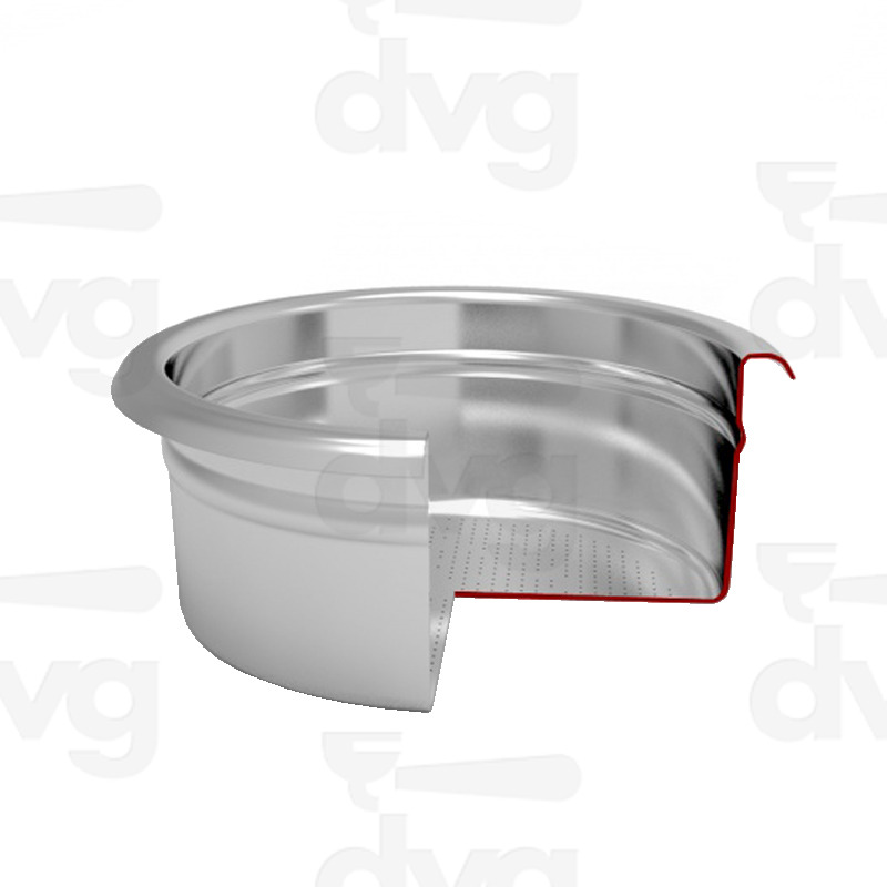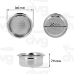Edge D.66mm, Body D.56mm suitable to tamper D.54mm, height 26mm, external ridge 57mm. Perfored area d.44mm, holes d. 0,30mm, high-quality conical drilling, electropolished filter that keeps the surface more shiny, smoother, more stainless. It fits: Dalla Corte, Izzo, La San Marco.
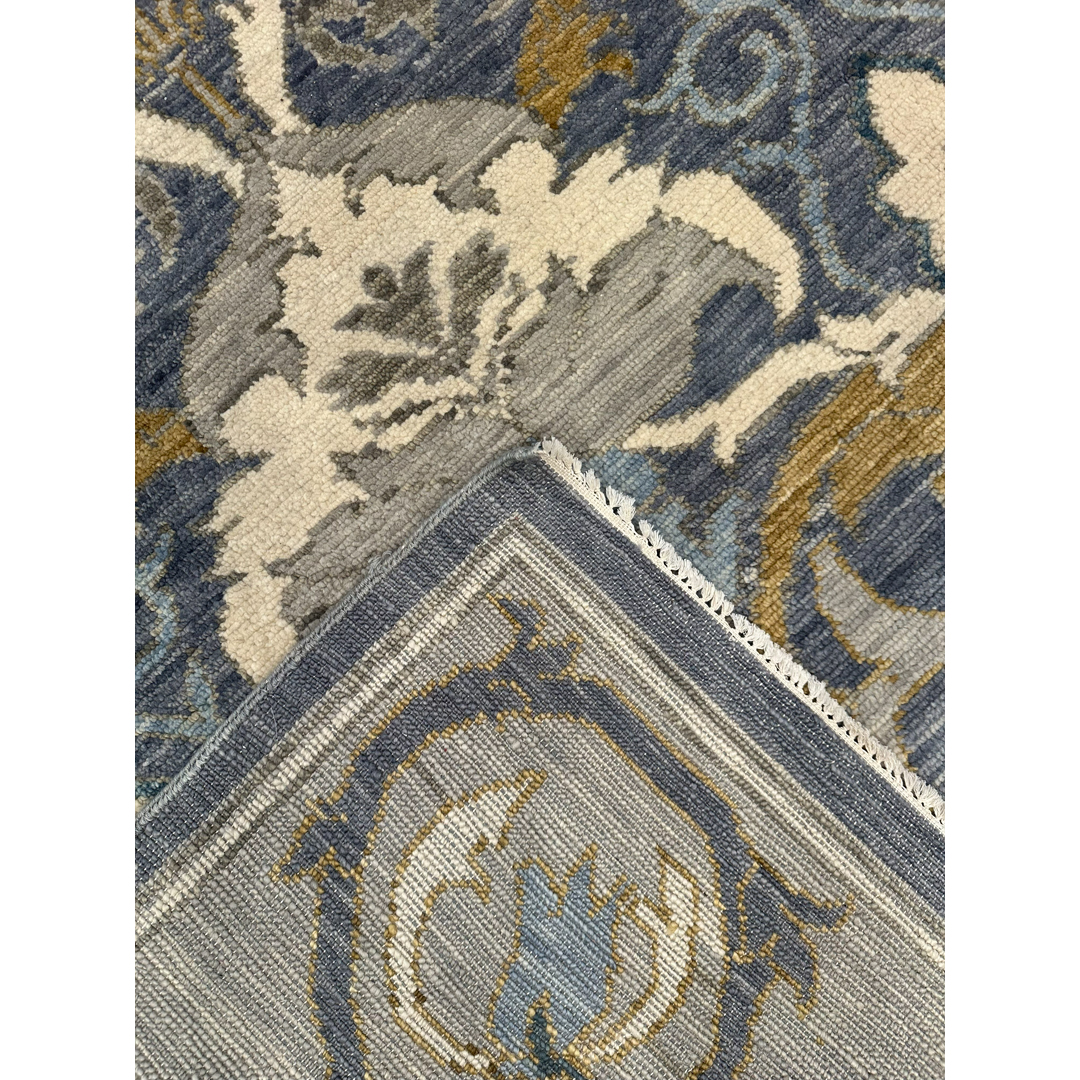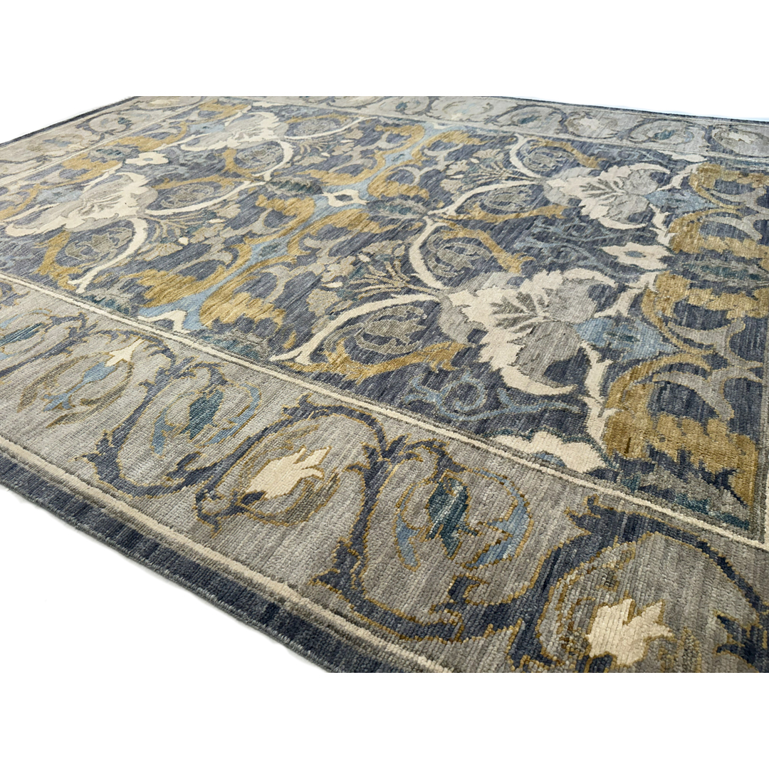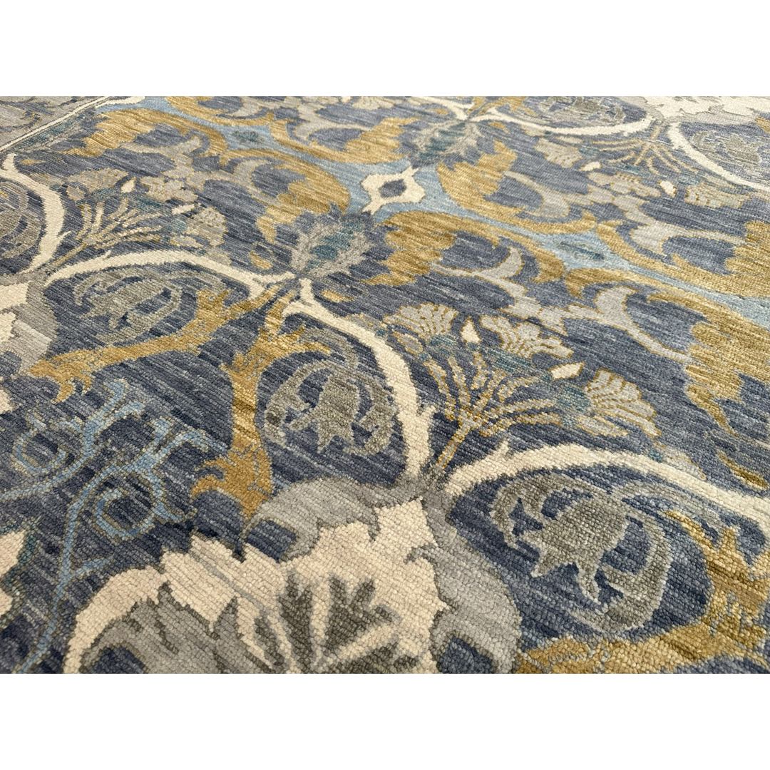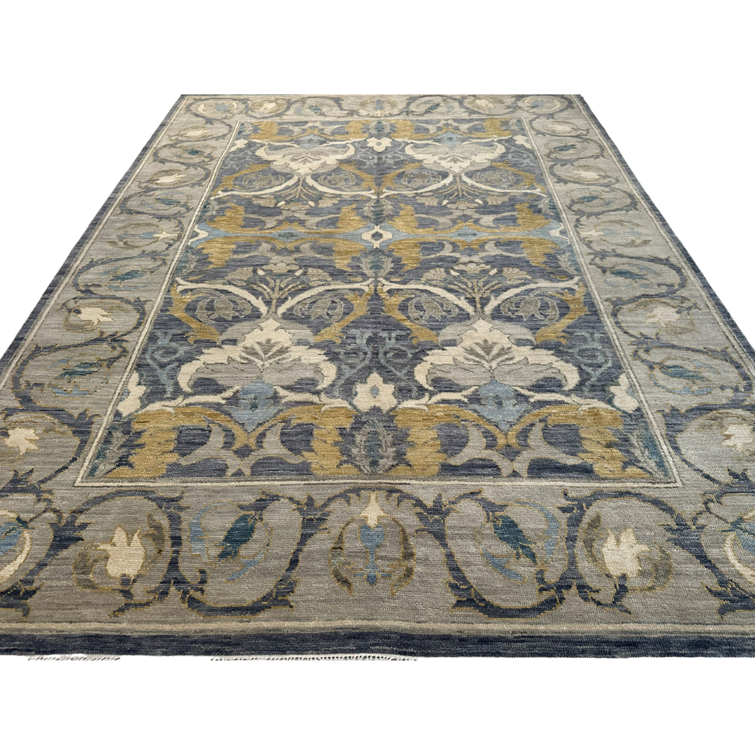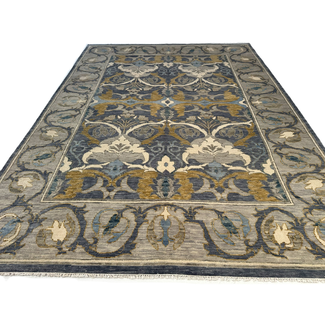 This exquisite hand-knotted Indian rug offers a sophisticated, transitional interpretation of classic William Morris and Arts & Crafts design principles. The grand, sweeping composition features a bold, mirrored damask pattern of large-scale acanthus leaves, stylized lotus palmettes, and scrolling botanical vines. Rendered in an elegant, muted palette, the intricate motifs of warm gold, soft icy blue, and crisp ivory pop beautifully against a deeply saturated, charcoal-blue central field. The dramatic interior is perfectly framed by a wide, contrasting border of heathered greige, adorned with continuous, undulating charcoal vines that mirror the fluidity of the central pattern.
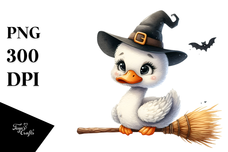 Funny Cute Swan on Witch Broom | Sublimation | Clipart example image 1
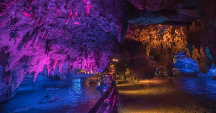 鲁溪洞是国家4A级旅游景区,由江南地下水晶宫之称的天然溶洞、惊险刺激的高空玻璃滑道漂流等组成。溶洞中的亿年硅化木是研究中生代地质历史时期的古地理、古气候演化的重要依据,又被称为地质博物馆。
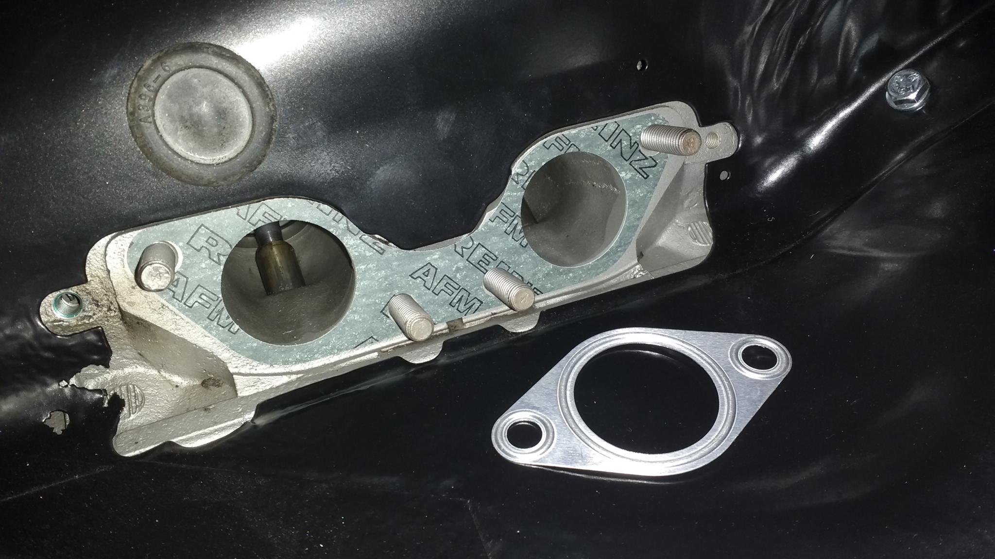 diese flansche sind mit einer pappe beklebt,das ist die dichtung !---das dickere material aus dem diese teile gemacht sind,sind ISOLIER flansche und sollen verhindern das die abwärme des zylinderkopfes sich direkt ins ansaugrohr überträgt und so das gemisch aufheizt denn dadurch wird die zylinderfüllung beeinträchtigt ( negativ) .....also kurz,das dicke mausgraue teil sorgt dafür das dein Benzin Luftgemisch kühler bleibt und so der motor besser läuft!

▶ [What you need to do] Every line from the one with "Funny Cute Swan" to the end of the records above should be restated word for word, and no picture belongs in the copy.

▶ [Answer to this problem]
 Funny Cute Swan on Witch Broom | Sublimation | Clipart example image 1
 鲁溪洞是国家4A级旅游景区,由江南地下水晶宫之称的天然溶洞、惊险刺激的高空玻璃滑道漂流等组成。溶洞中的亿年硅化木是研究中生代地质历史时期的古地理、古气候演化的重要依据,又被称为地质博物馆。
 diese flansche sind mit einer pappe beklebt,das ist die dichtung !---das dickere material aus dem diese teile gemacht sind,sind ISOLIER flansche und sollen verhindern das die abwärme des zylinderkopfes sich direkt ins ansaugrohr überträgt und so das gemisch aufheizt denn dadurch wird die zylinderfüllung beeinträchtigt ( negativ) .....also kurz,das dicke mausgraue teil sorgt dafür das dein Benzin Luftgemisch kühler bleibt und so der motor besser läuft!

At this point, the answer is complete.